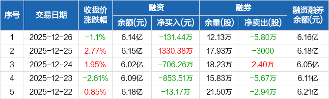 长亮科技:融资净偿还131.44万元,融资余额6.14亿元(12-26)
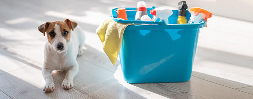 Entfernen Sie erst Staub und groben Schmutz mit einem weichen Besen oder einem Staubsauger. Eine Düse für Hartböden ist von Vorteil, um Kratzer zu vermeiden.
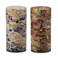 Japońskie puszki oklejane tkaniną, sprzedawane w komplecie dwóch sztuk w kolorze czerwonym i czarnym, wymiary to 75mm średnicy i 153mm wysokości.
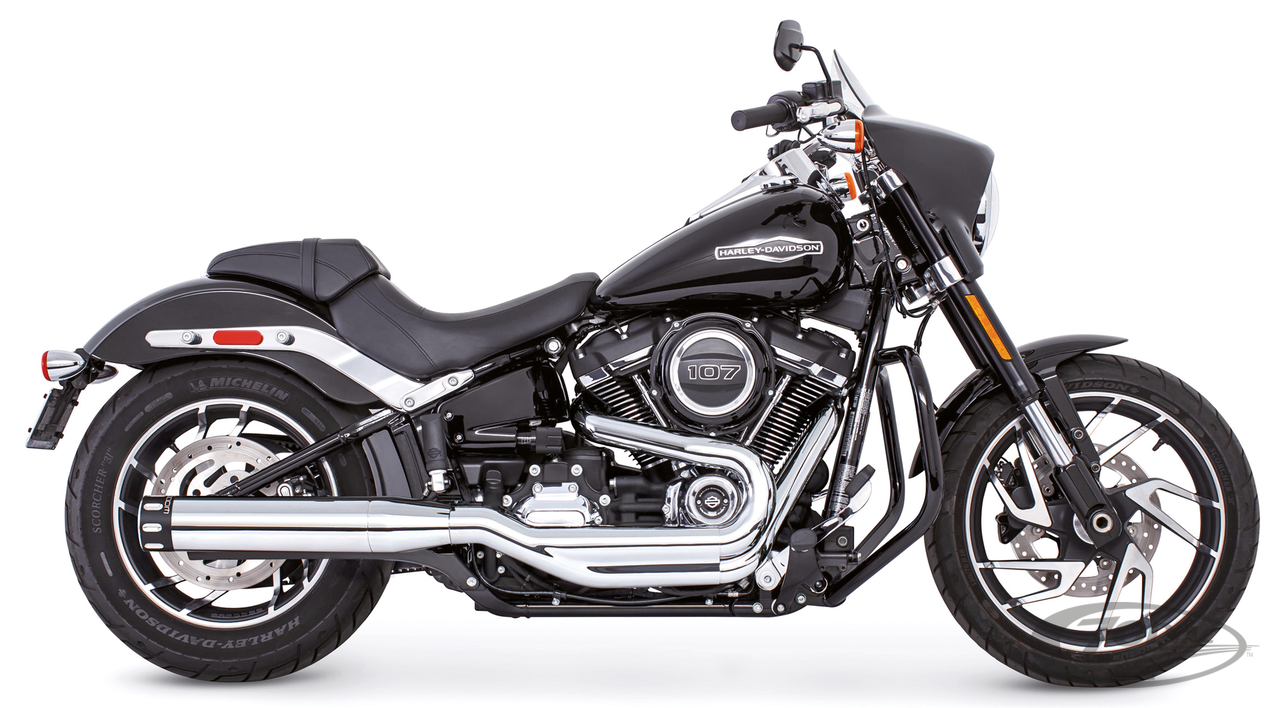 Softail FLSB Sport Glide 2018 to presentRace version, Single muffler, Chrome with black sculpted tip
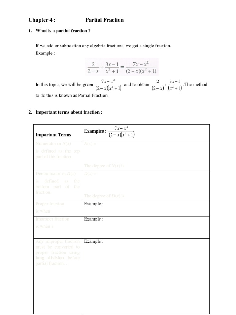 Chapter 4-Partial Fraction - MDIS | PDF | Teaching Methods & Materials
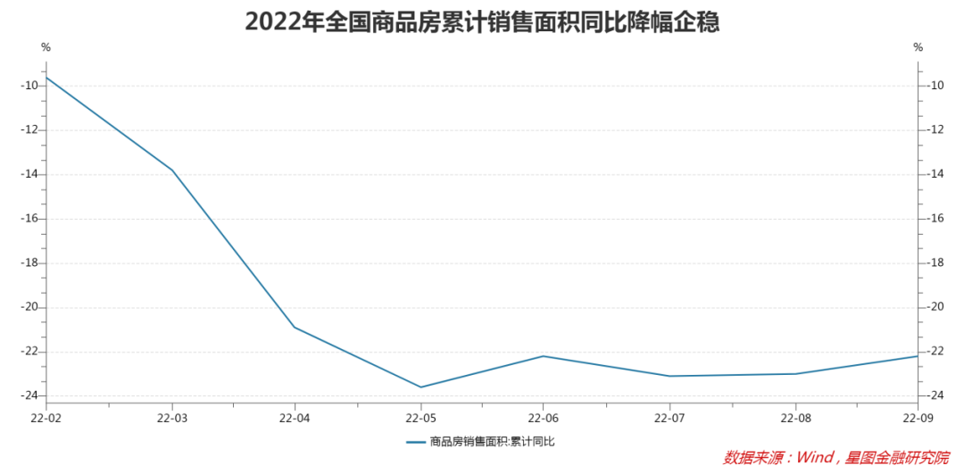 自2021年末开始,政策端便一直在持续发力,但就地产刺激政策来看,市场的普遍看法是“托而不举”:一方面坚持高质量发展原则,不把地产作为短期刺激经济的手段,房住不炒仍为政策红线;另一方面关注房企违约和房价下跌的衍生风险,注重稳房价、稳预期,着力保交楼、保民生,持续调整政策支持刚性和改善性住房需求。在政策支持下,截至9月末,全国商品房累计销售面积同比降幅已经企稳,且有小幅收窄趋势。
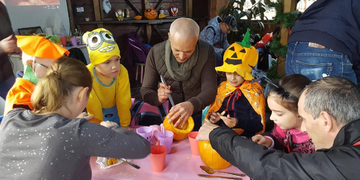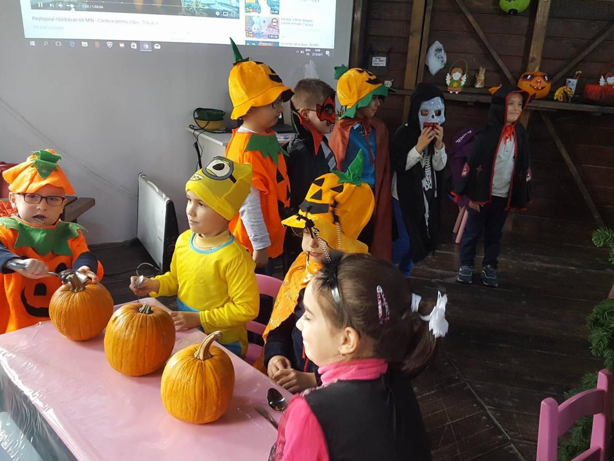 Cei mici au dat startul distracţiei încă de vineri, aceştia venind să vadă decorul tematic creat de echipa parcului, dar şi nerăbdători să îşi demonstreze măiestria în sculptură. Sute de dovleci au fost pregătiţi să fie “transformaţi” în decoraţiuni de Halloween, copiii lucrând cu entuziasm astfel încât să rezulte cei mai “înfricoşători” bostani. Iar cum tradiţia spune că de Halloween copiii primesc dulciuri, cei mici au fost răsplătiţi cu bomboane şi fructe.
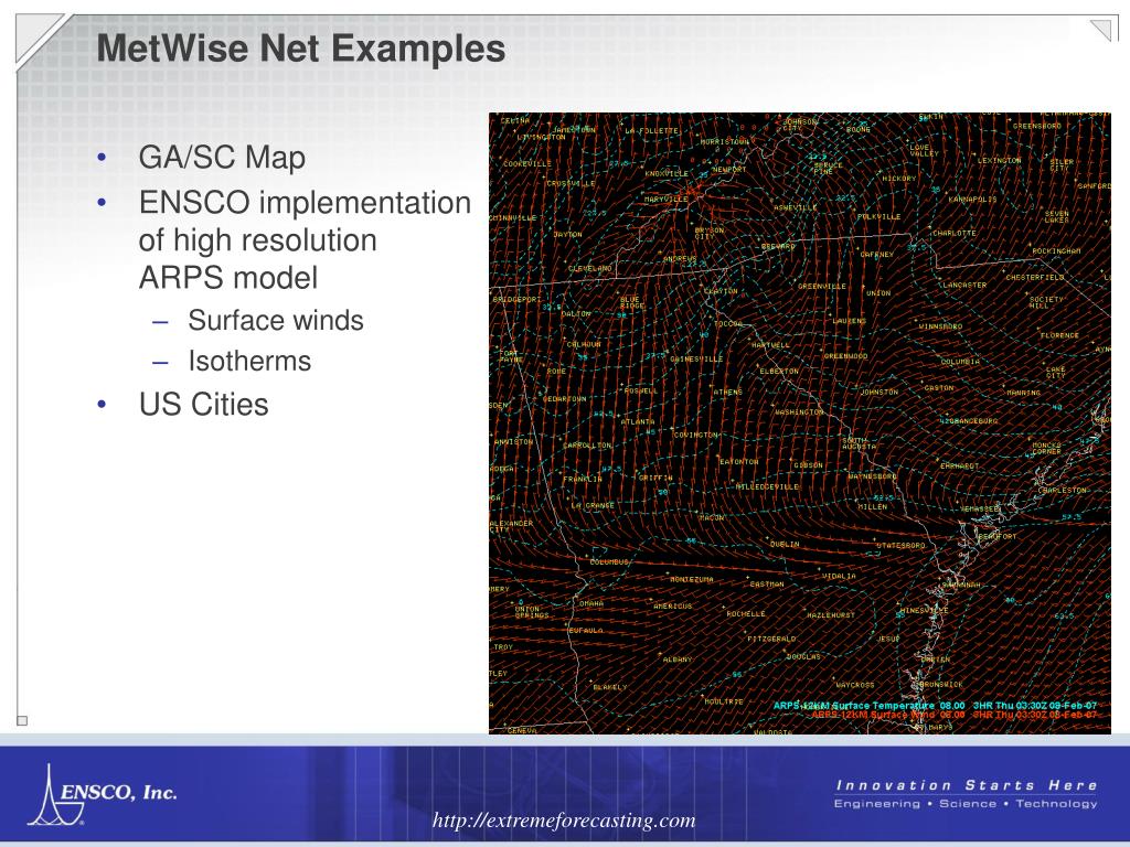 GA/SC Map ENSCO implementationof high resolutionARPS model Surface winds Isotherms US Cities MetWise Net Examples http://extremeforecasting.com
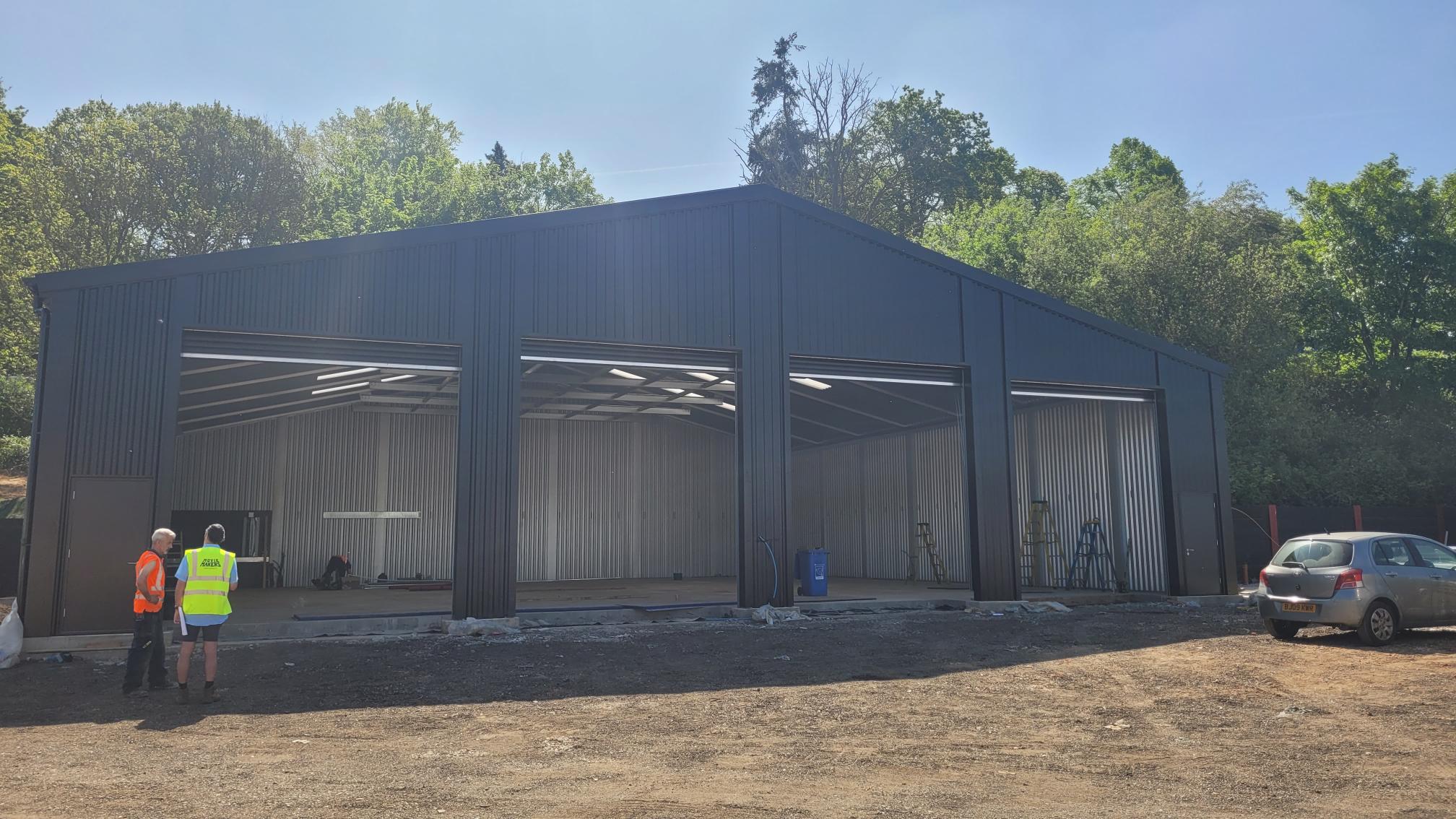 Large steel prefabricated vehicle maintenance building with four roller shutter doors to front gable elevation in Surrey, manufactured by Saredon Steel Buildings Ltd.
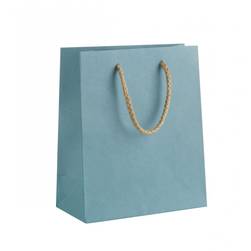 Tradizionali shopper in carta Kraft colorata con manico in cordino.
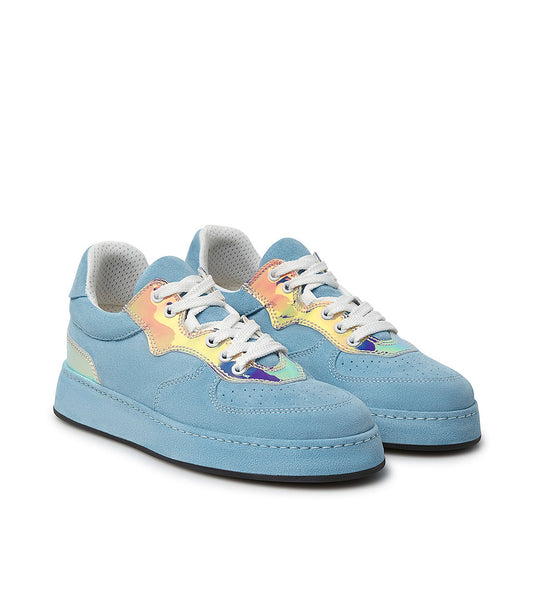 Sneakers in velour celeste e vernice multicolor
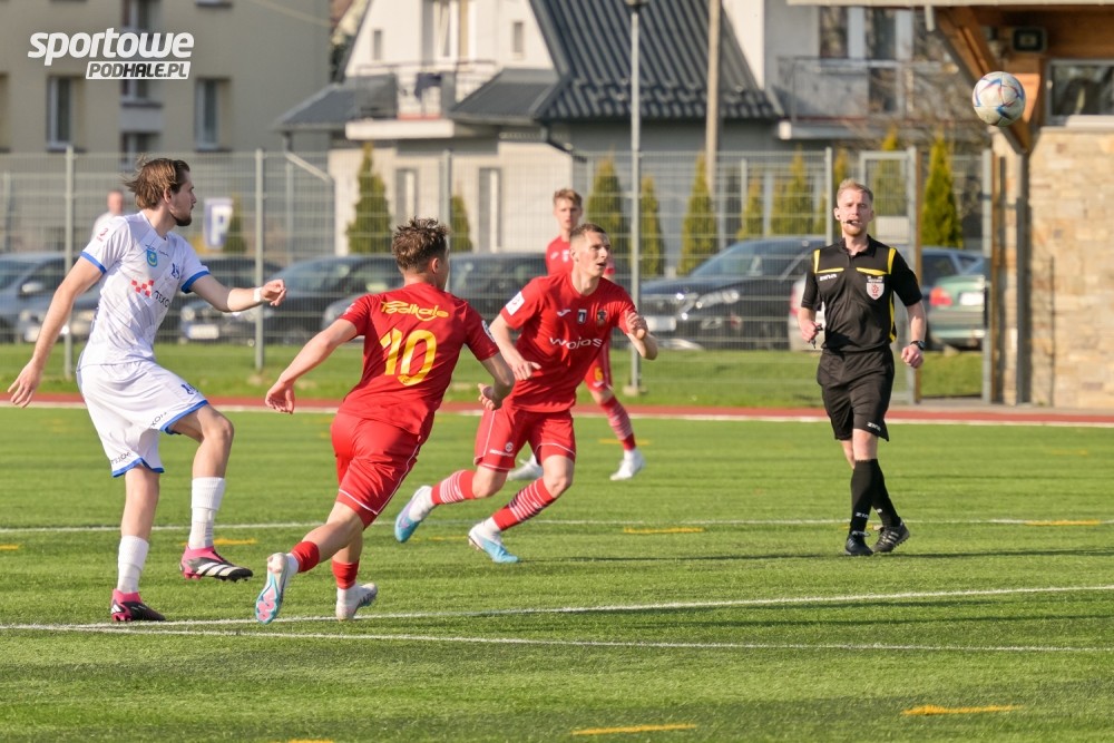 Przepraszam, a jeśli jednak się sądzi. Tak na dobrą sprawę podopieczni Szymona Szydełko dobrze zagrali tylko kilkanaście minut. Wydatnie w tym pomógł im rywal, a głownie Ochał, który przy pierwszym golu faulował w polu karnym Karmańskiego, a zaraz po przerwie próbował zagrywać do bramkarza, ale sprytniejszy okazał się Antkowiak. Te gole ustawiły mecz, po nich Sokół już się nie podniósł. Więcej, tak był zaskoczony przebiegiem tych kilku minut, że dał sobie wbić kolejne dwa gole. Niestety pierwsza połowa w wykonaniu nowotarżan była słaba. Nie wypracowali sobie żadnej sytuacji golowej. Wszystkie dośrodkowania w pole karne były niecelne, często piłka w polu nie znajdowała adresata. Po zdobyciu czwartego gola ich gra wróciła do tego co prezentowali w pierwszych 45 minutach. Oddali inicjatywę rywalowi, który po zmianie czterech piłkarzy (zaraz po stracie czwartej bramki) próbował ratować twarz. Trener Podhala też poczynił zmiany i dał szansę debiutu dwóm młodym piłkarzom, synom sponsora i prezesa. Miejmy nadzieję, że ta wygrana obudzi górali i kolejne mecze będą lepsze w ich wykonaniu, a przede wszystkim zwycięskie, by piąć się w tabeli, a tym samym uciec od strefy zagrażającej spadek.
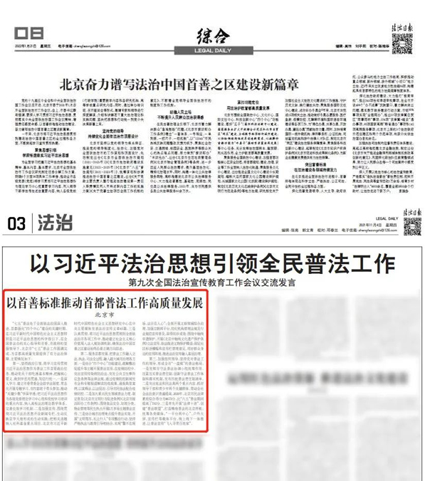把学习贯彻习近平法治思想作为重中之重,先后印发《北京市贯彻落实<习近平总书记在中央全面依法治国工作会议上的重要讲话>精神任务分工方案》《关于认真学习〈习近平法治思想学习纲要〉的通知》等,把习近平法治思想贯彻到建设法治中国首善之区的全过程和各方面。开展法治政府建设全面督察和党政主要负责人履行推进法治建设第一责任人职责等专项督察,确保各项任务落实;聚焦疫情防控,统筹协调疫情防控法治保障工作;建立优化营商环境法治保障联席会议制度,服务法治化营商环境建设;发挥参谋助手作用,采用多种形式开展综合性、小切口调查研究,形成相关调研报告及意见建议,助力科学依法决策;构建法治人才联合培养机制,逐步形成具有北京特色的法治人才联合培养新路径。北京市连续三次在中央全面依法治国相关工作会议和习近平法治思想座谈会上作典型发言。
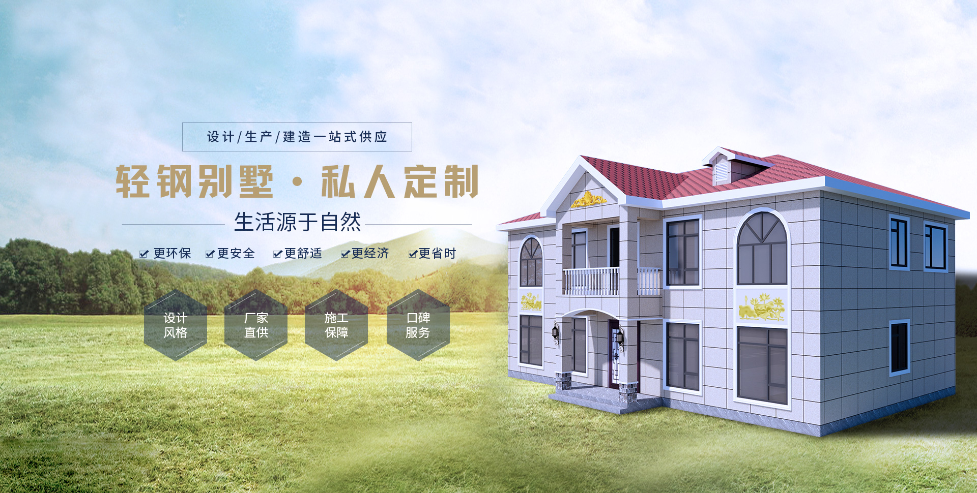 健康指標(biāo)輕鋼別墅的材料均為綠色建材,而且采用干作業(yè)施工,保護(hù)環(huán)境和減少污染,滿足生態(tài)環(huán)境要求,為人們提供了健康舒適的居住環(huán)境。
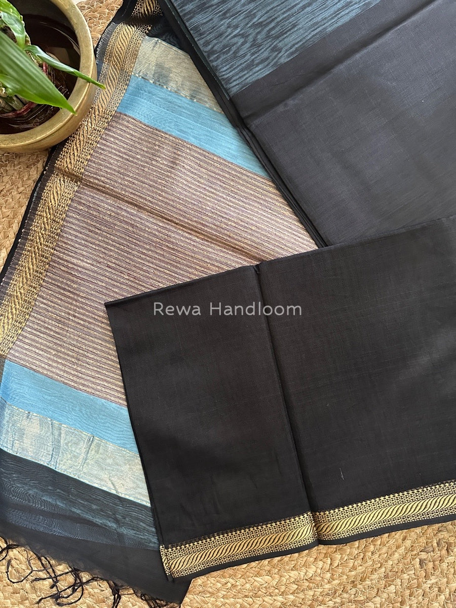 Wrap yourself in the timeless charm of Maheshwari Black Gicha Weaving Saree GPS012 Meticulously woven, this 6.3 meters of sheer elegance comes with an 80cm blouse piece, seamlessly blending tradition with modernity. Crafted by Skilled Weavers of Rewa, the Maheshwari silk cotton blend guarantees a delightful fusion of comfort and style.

Task to carry out - Wherever a picture appears in the data, please drop it and retype the rest exactly.

Solution -
 长亮科技:融资净偿还131.44万元,融资余额6.14亿元(12-26)
 Entfernen Sie erst Staub und groben Schmutz mit einem weichen Besen oder einem Staubsauger. Eine Düse für Hartböden ist von Vorteil, um Kratzer zu vermeiden.
 Japońskie puszki oklejane tkaniną, sprzedawane w komplecie dwóch sztuk w kolorze czerwonym i czarnym, wymiary to 75mm średnicy i 153mm wysokości.
 Softail FLSB Sport Glide 2018 to presentRace version, Single muffler, Chrome with black sculpted tip
 Chapter 4-Partial Fraction - MDIS | PDF | Teaching Methods & Materials
 自2021年末开始,政策端便一直在持续发力,但就地产刺激政策来看,市场的普遍看法是“托而不举”:一方面坚持高质量发展原则,不把地产作为短期刺激经济的手段,房住不炒仍为政策红线;另一方面关注房企违约和房价下跌的衍生风险,注重稳房价、稳预期,着力保交楼、保民生,持续调整政策支持刚性和改善性住房需求。在政策支持下,截至9月末,全国商品房累计销售面积同比降幅已经企稳,且有小幅收窄趋势。
 Cei mici au dat startul distracţiei încă de vineri, aceştia venind să vadă decorul tematic creat de echipa parcului, dar şi nerăbdători să îşi demonstreze măiestria în sculptură. Sute de dovleci au fost pregătiţi să fie “transformaţi” în decoraţiuni de Halloween, copiii lucrând cu entuziasm astfel încât să rezulte cei mai “înfricoşători” bostani. Iar cum tradiţia spune că de Halloween copiii primesc dulciuri, cei mici au fost răsplătiţi cu bomboane şi fructe.
 GA/SC Map ENSCO implementationof high resolutionARPS model Surface winds Isotherms US Cities MetWise Net Examples http://extremeforecasting.com
 Large steel prefabricated vehicle maintenance building with four roller shutter doors to front gable elevation in Surrey, manufactured by Saredon Steel Buildings Ltd.
 Tradizionali shopper in carta Kraft colorata con manico in cordino.
 Sneakers in velour celeste e vernice multicolor
 Przepraszam, a jeśli jednak się sądzi. Tak na dobrą sprawę podopieczni Szymona Szydełko dobrze zagrali tylko kilkanaście minut. Wydatnie w tym pomógł im rywal, a głownie Ochał, który przy pierwszym golu faulował w polu karnym Karmańskiego, a zaraz po przerwie próbował zagrywać do bramkarza, ale sprytniejszy okazał się Antkowiak. Te gole ustawiły mecz, po nich Sokół już się nie podniósł. Więcej, tak był zaskoczony przebiegiem tych kilku minut, że dał sobie wbić kolejne dwa gole. Niestety pierwsza połowa w wykonaniu nowotarżan była słaba. Nie wypracowali sobie żadnej sytuacji golowej. Wszystkie dośrodkowania w pole karne były niecelne, często piłka w polu nie znajdowała adresata. Po zdobyciu czwartego gola ich gra wróciła do tego co prezentowali w pierwszych 45 minutach. Oddali inicjatywę rywalowi, który po zmianie czterech piłkarzy (zaraz po stracie czwartej bramki) próbował ratować twarz. Trener Podhala też poczynił zmiany i dał szansę debiutu dwóm młodym piłkarzom, synom sponsora i prezesa. Miejmy nadzieję, że ta wygrana obudzi górali i kolejne mecze będą lepsze w ich wykonaniu, a przede wszystkim zwycięskie, by piąć się w tabeli, a tym samym uciec od strefy zagrażającej spadek.
把学习贯彻习近平法治思想作为重中之重,先后印发《北京市贯彻落实<习近平总书记在中央全面依法治国工作会议上的重要讲话>精神任务分工方案》《关于认真学习〈习近平法治思想学习纲要〉的通知》等,把习近平法治思想贯彻到建设法治中国首善之区的全过程和各方面。开展法治政府建设全面督察和党政主要负责人履行推进法治建设第一责任人职责等专项督察,确保各项任务落实;聚焦疫情防控,统筹协调疫情防控法治保障工作;建立优化营商环境法治保障联席会议制度,服务法治化营商环境建设;发挥参谋助手作用,采用多种形式开展综合性、小切口调查研究,形成相关调研报告及意见建议,助力科学依法决策;构建法治人才联合培养机制,逐步形成具有北京特色的法治人才联合培养新路径。北京市连续三次在中央全面依法治国相关工作会议和习近平法治思想座谈会上作典型发言。
 健康指標(biāo)輕鋼別墅的材料均為綠色建材,而且采用干作業(yè)施工,保護(hù)環(huán)境和減少污染,滿足生態(tài)環(huán)境要求,為人們提供了健康舒適的居住環(huán)境。
 Wrap yourself in the timeless charm of Maheshwari Black Gicha Weaving Saree GPS012 Meticulously woven, this 6.3 meters of sheer elegance comes with an 80cm blouse piece, seamlessly blending tradition with modernity. Crafted by Skilled Weavers of Rewa, the Maheshwari silk cotton blend guarantees a delightful fusion of comfort and style.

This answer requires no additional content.